* [Recorded information]:
====================

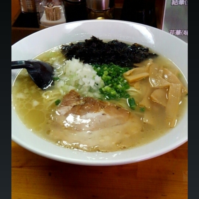 役場近くに出来た、新しいお店。県道から入ったところにあります。 あっさり塩の「仁」をオーダー。大きめの丼に、チャーシュー1枚、メンマ、岩ノリ、刻み青ネギ、刻み玉ねぎ。 スープは見た目と違い、くどさはない。麺は細麺ストレート。 ごちそうさまでした。
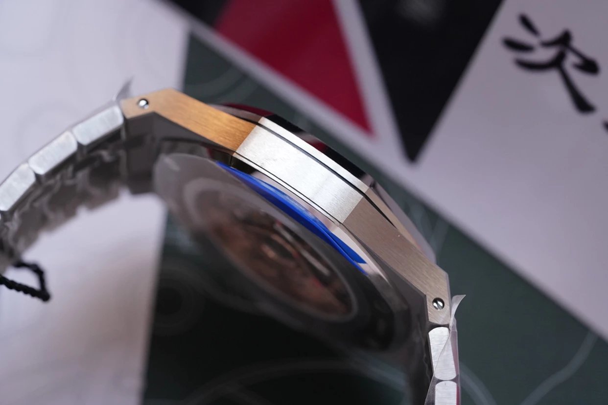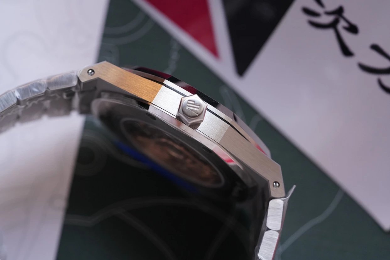 皇家橡樹系列總給人有一種穩重、低調的感覺,儘管40多年來一直在變化,但最基礎的元素始終保留。八角形表圈棱角分明,設計獨斷獨行依舊個性,黑色大型格紋盤、白金螺釘八角舷窗表圈一樣不落。9.8毫米的表殼較薄,可配上41毫米的直徑真是恰到好處。15400是愛彼皇橡中的入門級腕表,沒有任何特殊功能,僅有大三針和日期顯示,但最基礎的款型才能將皇橡的獨特味道體現出來。對於愛運動的型男來說,日常佩戴綽綽有餘。如果你喜歡皇家橡樹,這真的是首先應該擁有的款式。複K界的Z+F廠這款愛彼15400系列複K表終極版絕對值得各位入手。
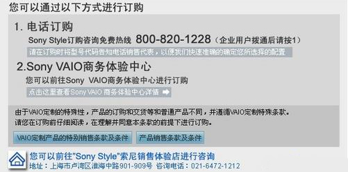 索尼(中国)有限公司将从2008年3月3日起在中国大陆地区推出“VAIO产品定制服务(CTO: Configuration To Order)”。该项产品定制服务是指消费者可以根据自己的需求在VAIO的指定目录内选择构成VAIO笔记本电脑的处理器、硬盘驱动器、操作系统等软、硬件配置以及相关配件,搭配出符合个人喜好和预算需求的VAIO笔记本电脑,并同时享受索尼“安心与便利”的售后服务。目前,消费者可以在Sony Style网站上查询,也可以通过800-820-1228免费服务热线,以及遍布全国的38家VAIO商务体验中心和索尼销售体验店进行定制。

====================

* [Problem requirements]:
The answer must be the data above, repeated exactly, with no pictures.

* [Response to the task]:
 役場近くに出来た、新しいお店。県道から入ったところにあります。 あっさり塩の「仁」をオーダー。大きめの丼に、チャーシュー1枚、メンマ、岩ノリ、刻み青ネギ、刻み玉ねぎ。 スープは見た目と違い、くどさはない。麺は細麺ストレート。 ごちそうさまでした。
 皇家橡樹系列總給人有一種穩重、低調的感覺,儘管40多年來一直在變化,但最基礎的元素始終保留。八角形表圈棱角分明,設計獨斷獨行依舊個性,黑色大型格紋盤、白金螺釘八角舷窗表圈一樣不落。9.8毫米的表殼較薄,可配上41毫米的直徑真是恰到好處。15400是愛彼皇橡中的入門級腕表,沒有任何特殊功能,僅有大三針和日期顯示,但最基礎的款型才能將皇橡的獨特味道體現出來。對於愛運動的型男來說,日常佩戴綽綽有餘。如果你喜歡皇家橡樹,這真的是首先應該擁有的款式。複K界的Z+F廠這款愛彼15400系列複K表終極版絕對值得各位入手。
 索尼(中国)有限公司将从2008年3月3日起在中国大陆地区推出“VAIO产品定制服务(CTO: Configuration To Order)”。该项产品定制服务是指消费者可以根据自己的需求在VAIO的指定目录内选择构成VAIO笔记本电脑的处理器、硬盘驱动器、操作系统等软、硬件配置以及相关配件,搭配出符合个人喜好和预算需求的VAIO笔记本电脑,并同时享受索尼“安心与便利”的售后服务。目前,消费者可以在Sony Style网站上查询,也可以通过800-820-1228免费服务热线,以及遍布全国的38家VAIO商务体验中心和索尼销售体验店进行定制。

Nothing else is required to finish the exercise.